Quantifying randomness in real networks

TL;DR

This paper uses the $dk$-series to analyze the balance of order and randomness in real networks, showing that many properties can be explained by fixed local characteristics and randomness.

Contribution

It introduces the use of the $dk$-series to quantify network randomness and demonstrates its effectiveness across diverse real-world networks.

Findings

Many network properties are reproduced by $dk$-random graphs.

$dk$-series captures key local and global network features.
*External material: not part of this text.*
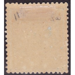 Selo nº 9 com charneira em papel porcelana e denteado 13½. Exemplar com defeito no canto inferior.

Software for generating $dk$-random graphs is provided.

Abstract

Represented as graphs, real networks are intricate combinations of order and disorder. Fixing some of the structural properties of network models to their values observed in real networks, many other properties appear as statistical consequences of these fixed observables, plus randomness in other respects. Here we employ the $dk$-series, a complete set of basic characteristics of the network structure, to study the statistical dependencies between different network properties. We consider six real networks---the Internet, US airport network, human protein interactions, technosocial web of trust, English word network, and an fMRI map of the human brain---and find that many important local and global structural properties of these networks are closely reproduced by $dk$-random graphs whose degree distributions, degree correlations, and clustering are as in the corresponding real network. We discuss important conceptual, methodological, and practical implications of this evaluation of network randomness, and release software to generate $dk$-random graphs.